Armed with this information, gathered from the application’s fi_write operation call and from the Address Vector and Resource Index tables, the UET provider creates a Work Request (WR) and places it into the Send Queue (SQ). Each SQ is implemented as a circular buffer in memory, shared between the GPU (running the provider) and the NIC hardware. Writing a WR into the queue does not automatically notify the NIC. To signal that new requests are available, the provider performs a doorbell operation, writing to a special NIC register. This alerts the NIC to read the SQ, determine how many WRs are pending, and identify where to start processing.

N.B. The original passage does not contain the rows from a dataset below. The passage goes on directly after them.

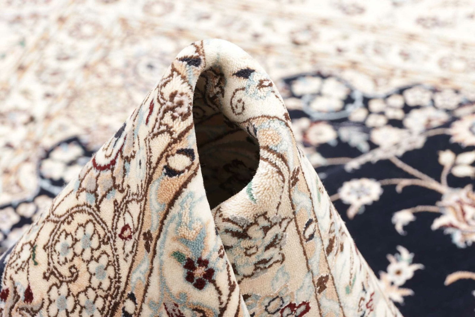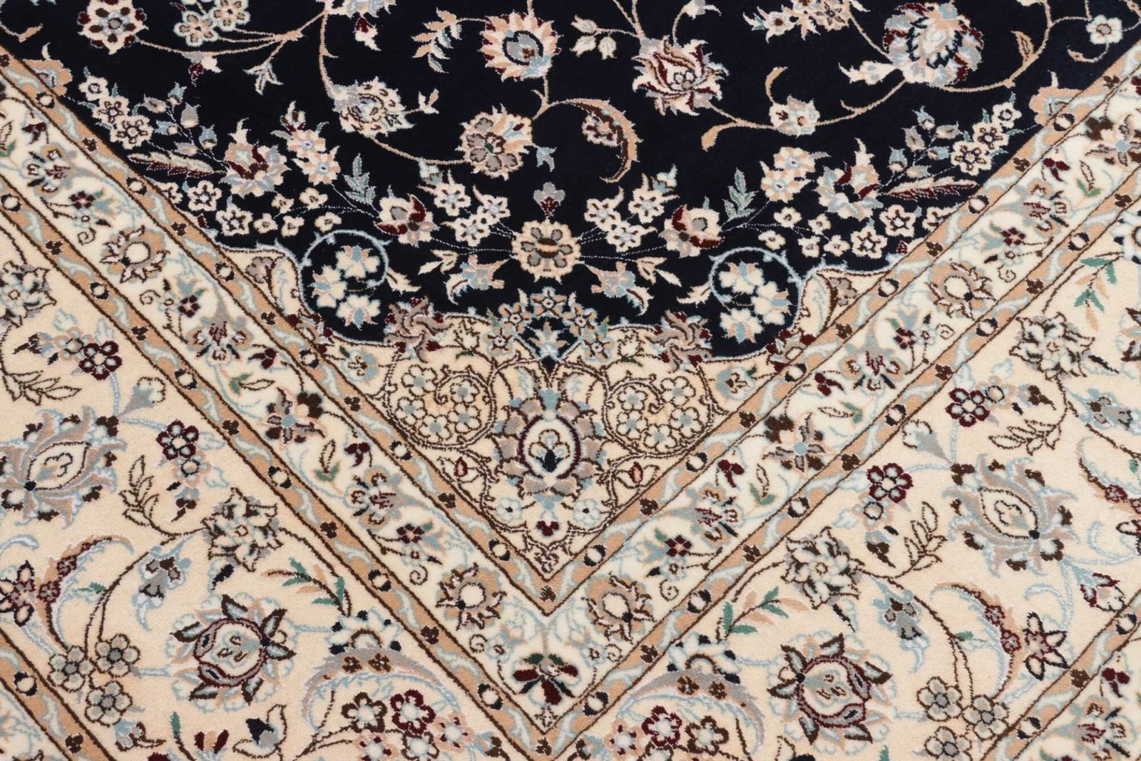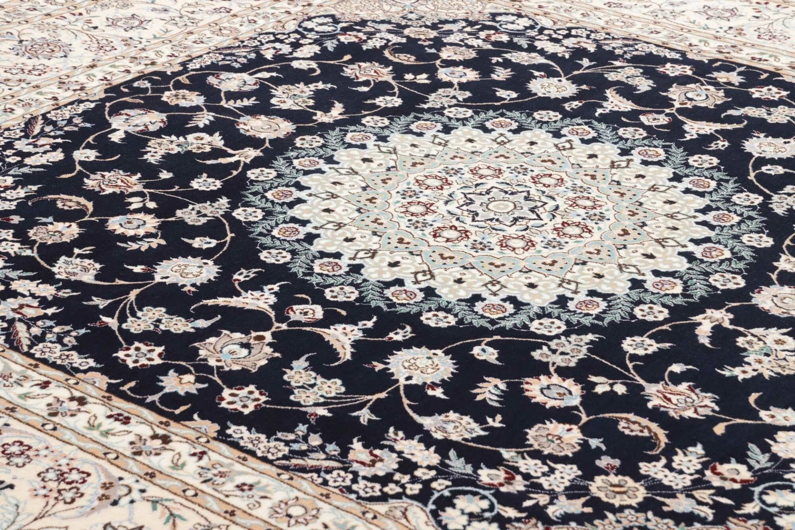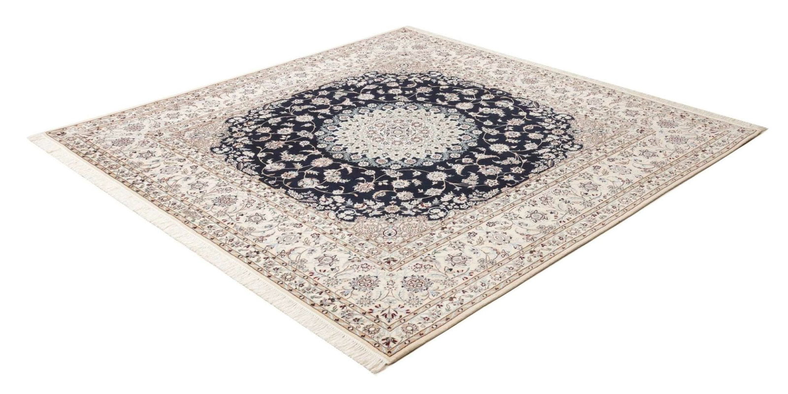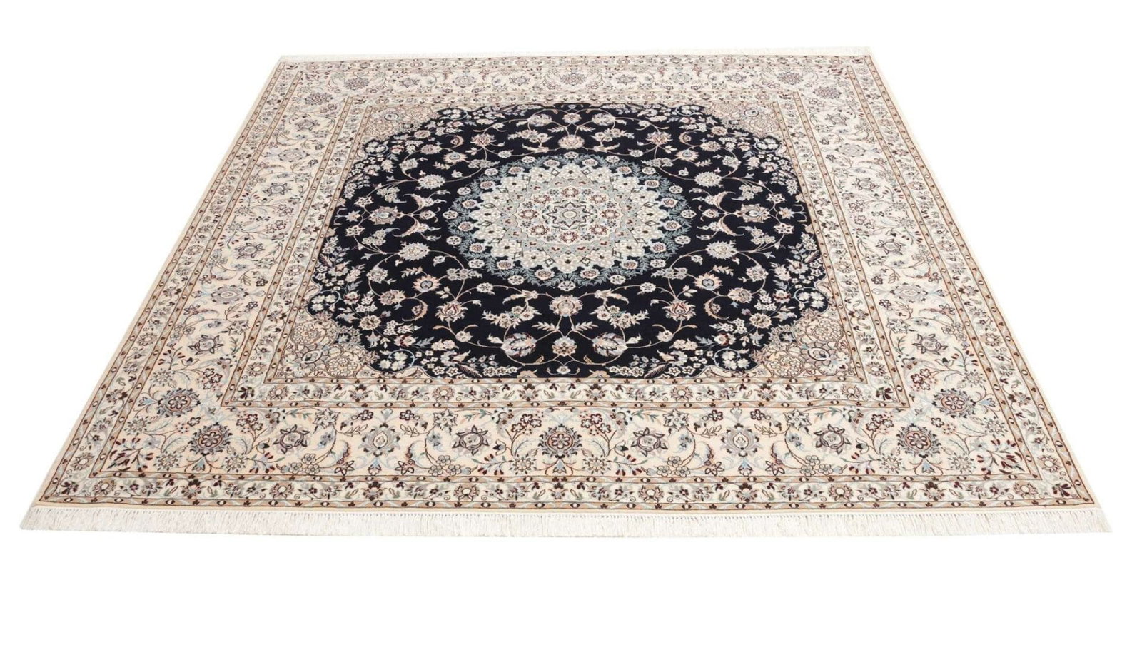 8254$Ursprünglicher Preis war: 8254$6959$Aktueller Preis ist: 6959$Nain Teppich | Knotendichte: ca. 900.000 Knoten/m² | Material: 100% Schurwolle (Flor), 100% Baumwolle (Kette) | Größe: 214 x 208 cm | Handgeknüpfte Qualität | Herkunft: Iran | Zustand: Exklusives Kunstwerk mit floralen Mustern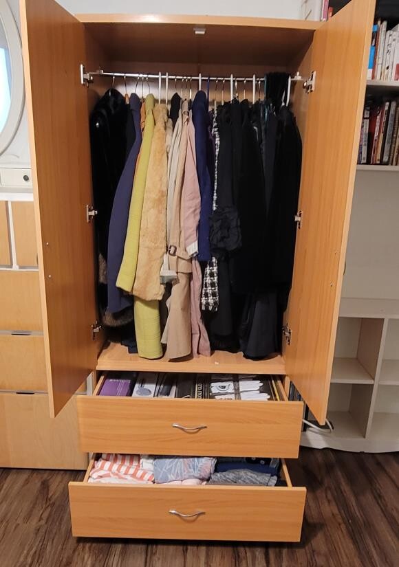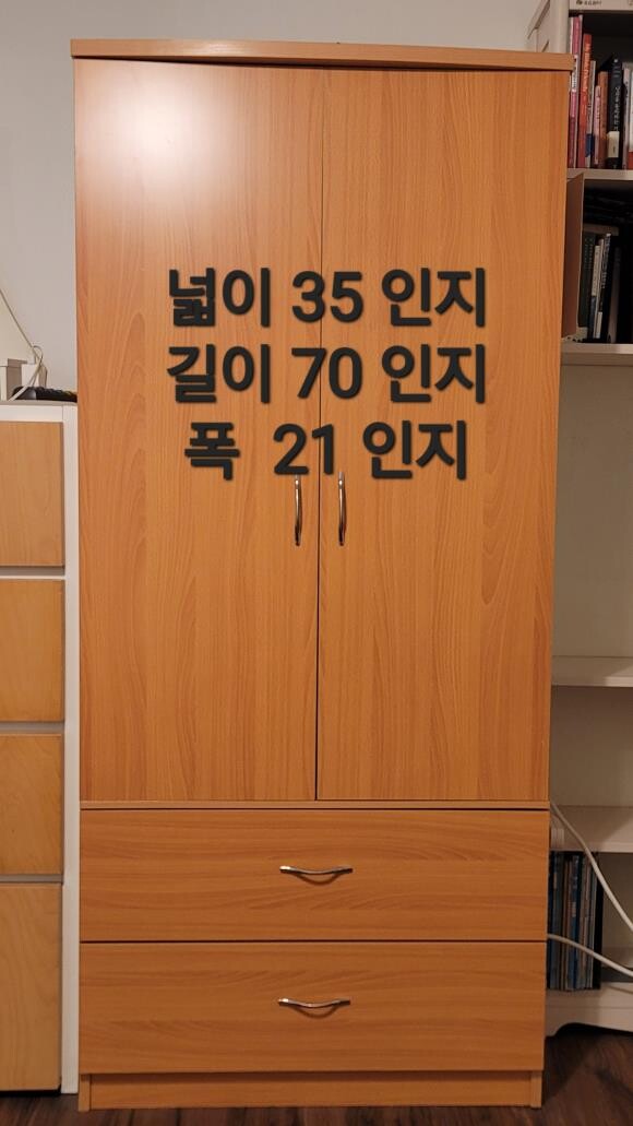 서랍2개와 봉이 있는 2도어 옷장 입니다.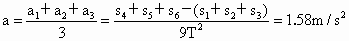 各位移差与平均值最多相差 0.05cm,即各位移差与平均值最多相差3.2%.由此可得出结论:小车在任意两个连续相等的时间内的位移之差,在误差允许范围内相等,所以小车的运动是匀加速直线运动.(2) 采用逐差法,即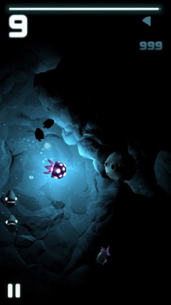 水母移动是肯定需要能量的,在上方有一条白色的线,这就是能量。这个能量会慢慢的减少,如果能量消耗完了的话,就游戏结束死了。想增加能量,有几个方法,那就是吃掉会发光的小鱼,如图所示。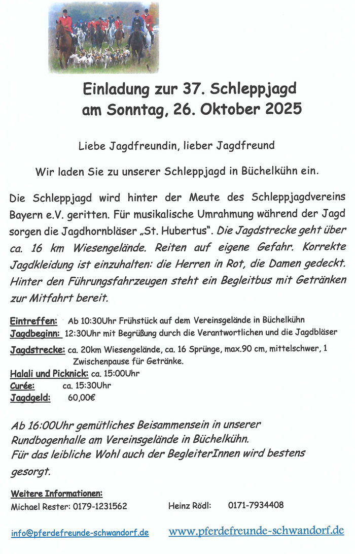 für den Verein und die Schleppjagd einbringen begrüßen zu können.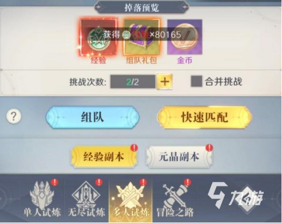那么现在大家知道云上大陆经验副本在哪了吧!首先需要玩家等级达到70级,然后才能开启这个副本入口,在“多人试炼”这一栏中我们就可以找到经验本了!如果你想尽快把等级提上去,那么每天2次的经验本必然不能少。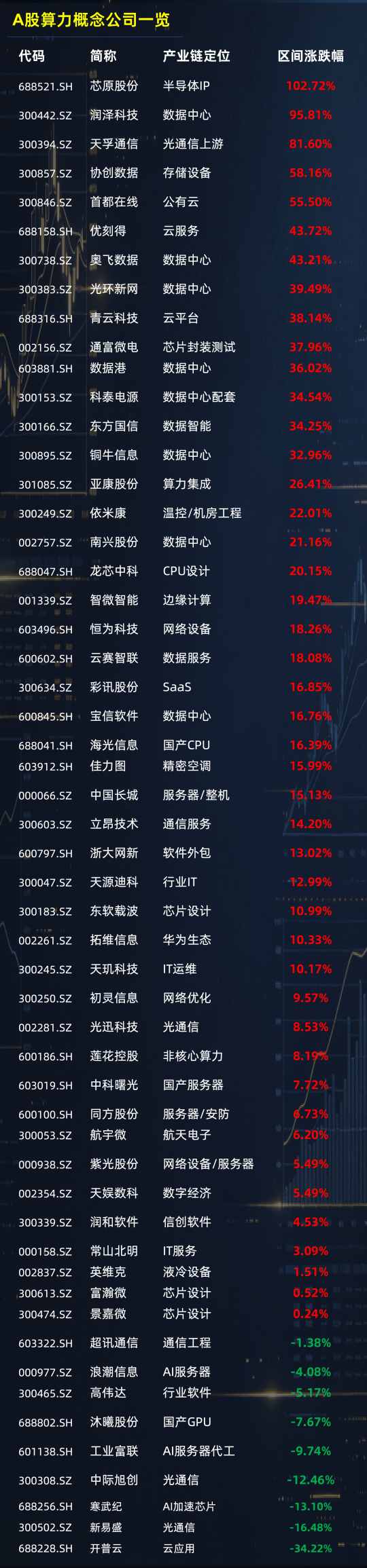 注:以上A股算力概念股划分参考万得AI算力概念指数(8841678.WI )最新成分股,包含服务器、芯片、IDC等算力相关的代表性公司。区间涨跌幅指2026年1月1日至2月27日。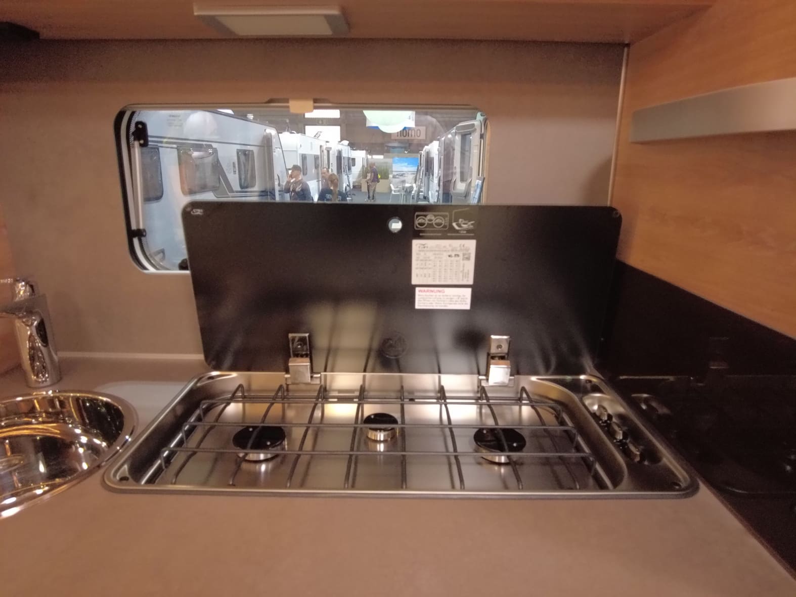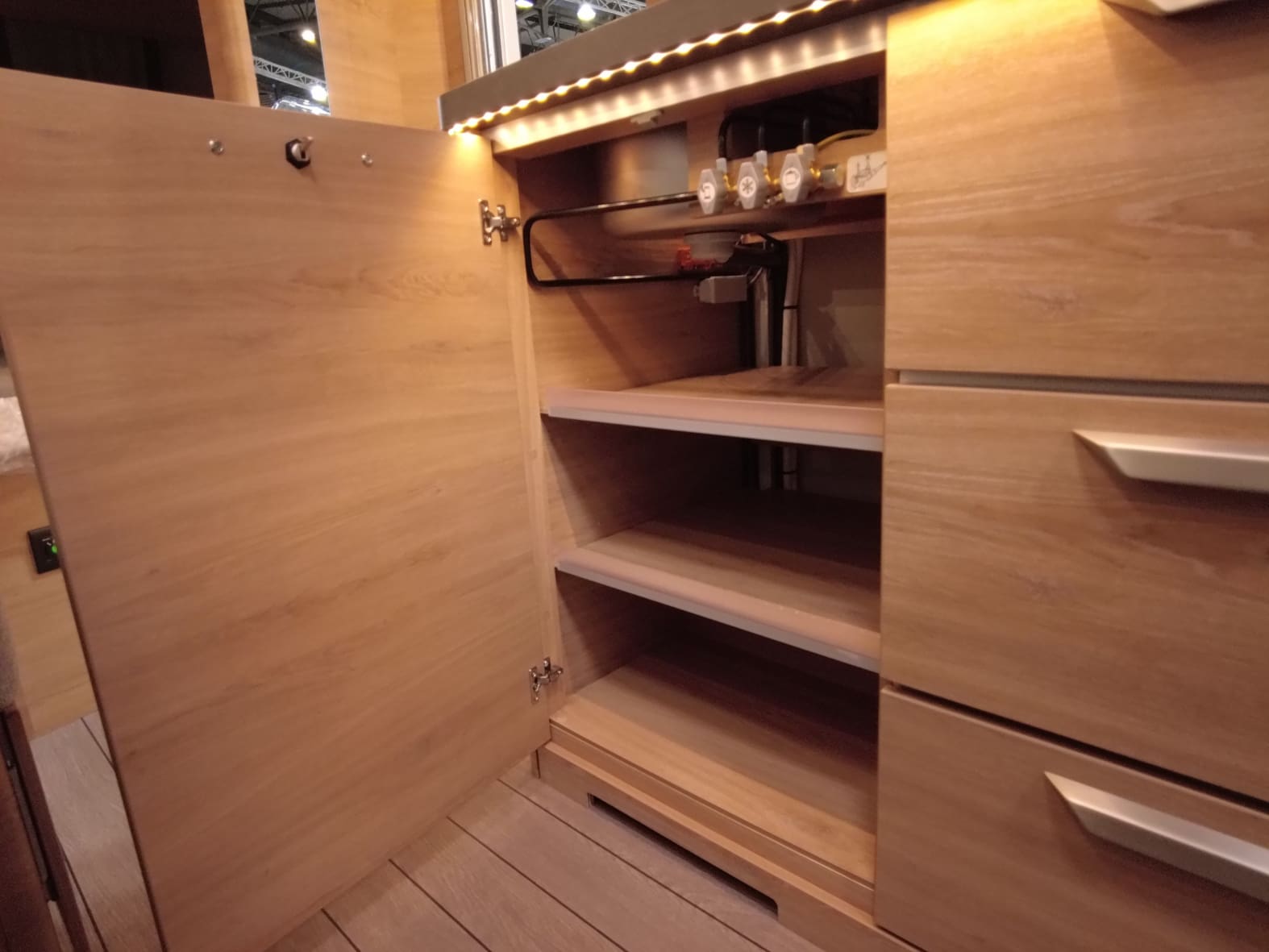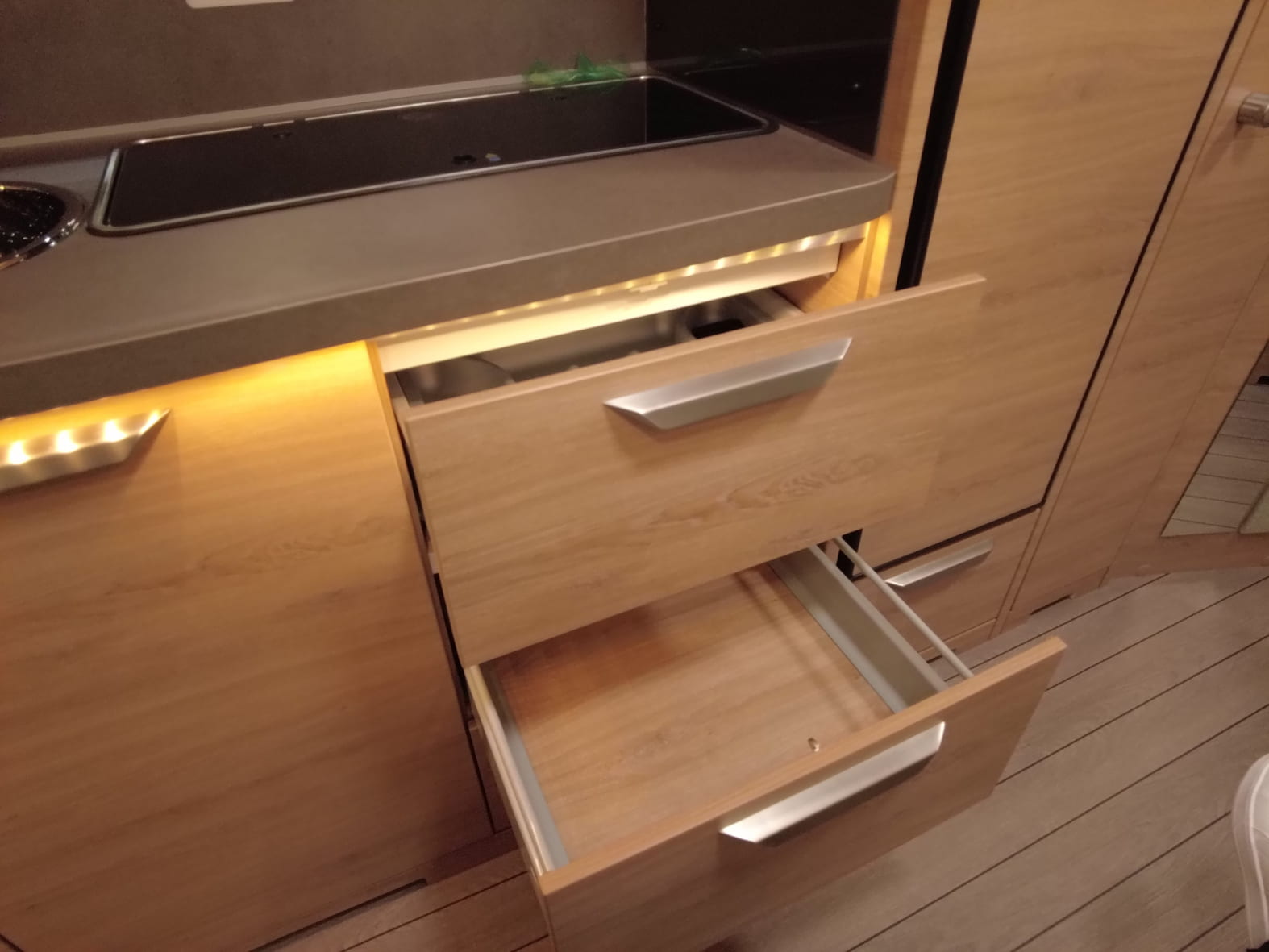La cocina central cuenta con una placa de 3 fuegos, fregadero de acero inoxidable y múltiples armarios y cajones con acabado premium, que permiten mantener todo ordenado y a mano durante los viajes.

Once notified, the NIC fetches each WR, retrieves the associated metadata, such as the destination fabric address, remote memory key, and SES/PDC header information — and begins executing the data transfer. Some NICs may also periodically poll the SQ, but modern UET NICs typically rely on doorbell notifications to achieve low-latency execution.

Because GPUs and the application are multithreaded, multiple operations may be posted to the SQ simultaneously. Each WR is treated independently and can be placed in separate send queues, allowing the NIC to execute multiple transfers in parallel. This design ensures efficient utilization of both the NIC and GPU resources while maintaining correct ordering and authorization of each operation.


Figure 5-1: Mapping between libfaric operation, Provider Objects, and Hardware.

Before transmitting packets, the NIC uses the metadata retrieved from the AV and RI tables to construct the necessary protocol headers. The Semantic Sublayer (SES) header is created using information such as the JobID, process context, and authorization key, ensuring that the remote peer can correctly identify and authorize the operation. Simultaneously, the Packet Delivery Sublayer (PDC) header is prepared to control reliable delivery, sequence numbering, and congestion management. Together, these headers allow the NIC to send the payload efficiently and securely, while preserving the correct association with the source operation and enabling proper handling by the remote UET NIC.

Next, we will examine in detail how the UET headers — SES and PDC — are constructed and encapsulated with Ethernet/IP headers, and optionally UDP headers for entropy, so that packets can be efficiently routed by the scale-out backend network switches to the correct target node for further processing. On the sending side, the PDC header provides context that the UET NIC uses to manage reliable delivery, sequence numbering, and congestion control, ensuring that packets are transmitted correctly and in order to the remote peer. On the receiving side, the SES header carries the operation-specific information that tells the remote UET NIC exactly what to do — in our example, it instructs the UET NIC to WRITE a block of data to a memory address registered with target process, participating in JobID 101.